Try it: Would you repeat each line below exactly, without the pictures?
-- Dataset content follows --
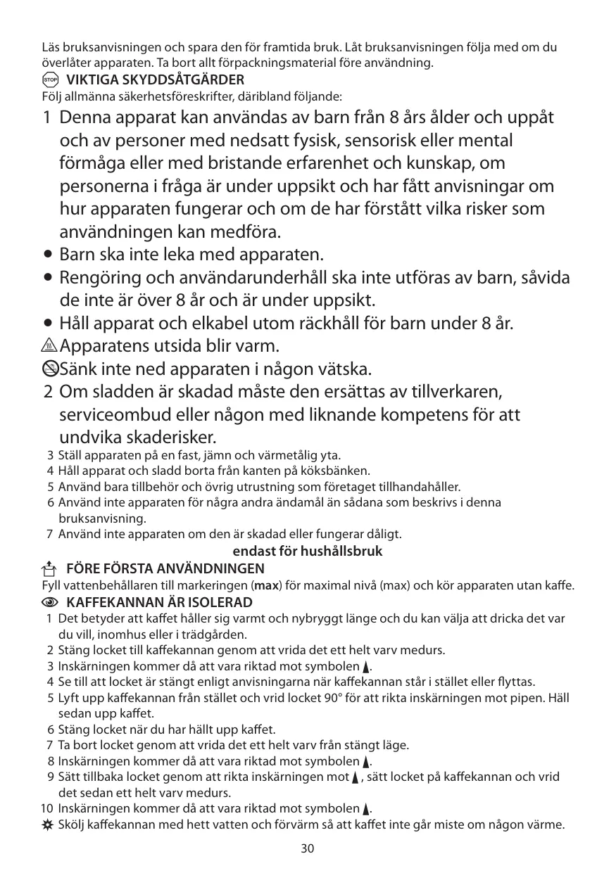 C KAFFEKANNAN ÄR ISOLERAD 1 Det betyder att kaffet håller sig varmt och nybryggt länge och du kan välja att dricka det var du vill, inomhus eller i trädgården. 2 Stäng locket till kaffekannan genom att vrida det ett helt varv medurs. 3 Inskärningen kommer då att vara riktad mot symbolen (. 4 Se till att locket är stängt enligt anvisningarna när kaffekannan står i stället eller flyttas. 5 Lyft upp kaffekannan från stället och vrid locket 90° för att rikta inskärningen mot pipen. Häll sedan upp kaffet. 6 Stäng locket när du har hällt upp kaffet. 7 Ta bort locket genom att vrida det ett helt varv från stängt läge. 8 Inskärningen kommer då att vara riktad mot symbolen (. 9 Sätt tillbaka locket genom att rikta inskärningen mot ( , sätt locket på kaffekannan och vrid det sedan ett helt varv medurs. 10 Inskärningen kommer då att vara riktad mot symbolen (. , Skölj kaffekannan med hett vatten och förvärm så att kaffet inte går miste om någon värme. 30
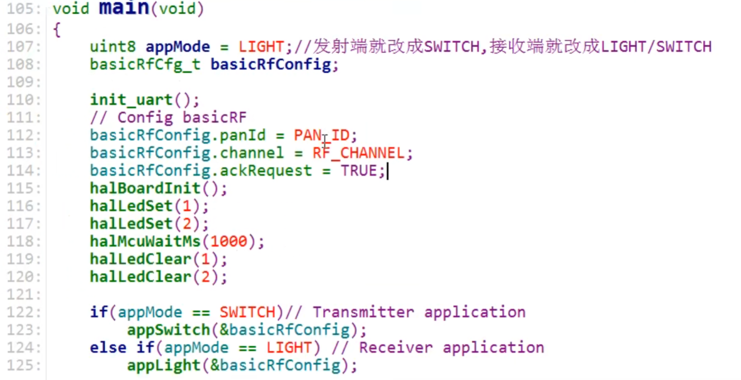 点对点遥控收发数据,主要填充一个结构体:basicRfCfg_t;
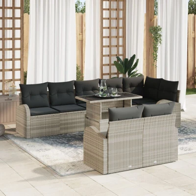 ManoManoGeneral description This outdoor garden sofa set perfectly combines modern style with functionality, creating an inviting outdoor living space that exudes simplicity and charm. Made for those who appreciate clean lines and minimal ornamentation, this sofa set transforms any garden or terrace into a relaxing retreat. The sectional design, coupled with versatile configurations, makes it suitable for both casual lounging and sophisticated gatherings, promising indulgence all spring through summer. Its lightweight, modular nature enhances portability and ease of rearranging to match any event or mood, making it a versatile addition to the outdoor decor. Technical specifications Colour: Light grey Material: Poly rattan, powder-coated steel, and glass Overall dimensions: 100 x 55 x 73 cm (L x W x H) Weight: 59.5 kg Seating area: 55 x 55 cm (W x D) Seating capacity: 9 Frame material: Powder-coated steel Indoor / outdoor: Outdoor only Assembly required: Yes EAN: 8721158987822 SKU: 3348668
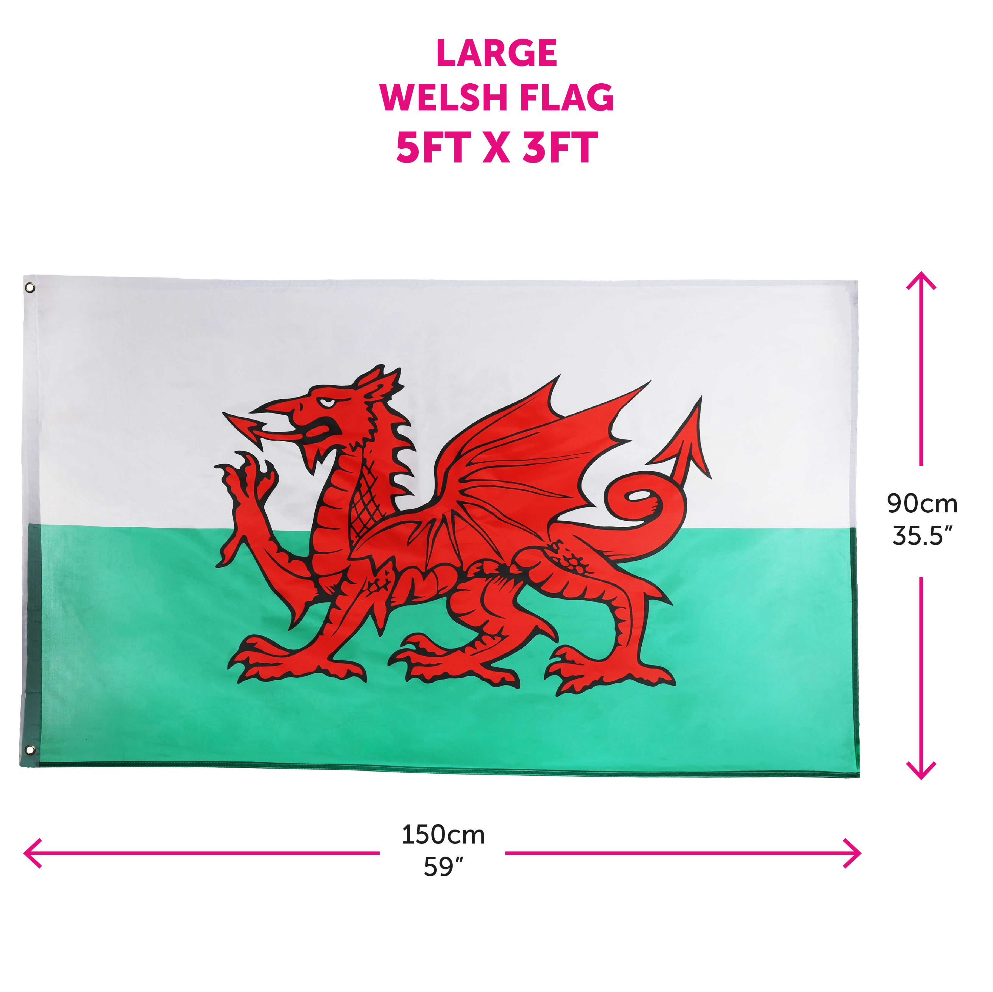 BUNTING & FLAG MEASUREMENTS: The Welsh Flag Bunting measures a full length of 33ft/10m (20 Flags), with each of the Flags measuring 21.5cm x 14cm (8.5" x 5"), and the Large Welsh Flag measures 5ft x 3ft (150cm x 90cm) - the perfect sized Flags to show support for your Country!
-- Dataset content concluded --
Solution for this problem:
 C KAFFEKANNAN ÄR ISOLERAD 1 Det betyder att kaffet håller sig varmt och nybryggt länge och du kan välja att dricka det var du vill, inomhus eller i trädgården. 2 Stäng locket till kaffekannan genom att vrida det ett helt varv medurs. 3 Inskärningen kommer då att vara riktad mot symbolen (. 4 Se till att locket är stängt enligt anvisningarna när kaffekannan står i stället eller flyttas. 5 Lyft upp kaffekannan från stället och vrid locket 90° för att rikta inskärningen mot pipen. Häll sedan upp kaffet. 6 Stäng locket när du har hällt upp kaffet. 7 Ta bort locket genom att vrida det ett helt varv från stängt läge. 8 Inskärningen kommer då att vara riktad mot symbolen (. 9 Sätt tillbaka locket genom att rikta inskärningen mot ( , sätt locket på kaffekannan och vrid det sedan ett helt varv medurs. 10 Inskärningen kommer då att vara riktad mot symbolen (. , Skölj kaffekannan med hett vatten och förvärm så att kaffet inte går miste om någon värme. 30
 点对点遥控收发数据,主要填充一个结构体:basicRfCfg_t;
 ManoManoGeneral description This outdoor garden sofa set perfectly combines modern style with functionality, creating an inviting outdoor living space that exudes simplicity and charm. Made for those who appreciate clean lines and minimal ornamentation, this sofa set transforms any garden or terrace into a relaxing retreat. The sectional design, coupled with versatile configurations, makes it suitable for both casual lounging and sophisticated gatherings, promising indulgence all spring through summer. Its lightweight, modular nature enhances portability and ease of rearranging to match any event or mood, making it a versatile addition to the outdoor decor. Technical specifications Colour: Light grey Material: Poly rattan, powder-coated steel, and glass Overall dimensions: 100 x 55 x 73 cm (L x W x H) Weight: 59.5 kg Seating area: 55 x 55 cm (W x D) Seating capacity: 9 Frame material: Powder-coated steel Indoor / outdoor: Outdoor only Assembly required: Yes EAN: 8721158987822 SKU: 3348668
 BUNTING & FLAG MEASUREMENTS: The Welsh Flag Bunting measures a full length of 33ft/10m (20 Flags), with each of the Flags measuring 21.5cm x 14cm (8.5" x 5"), and the Large Welsh Flag measures 5ft x 3ft (150cm x 90cm) - the perfect sized Flags to show support for your Country!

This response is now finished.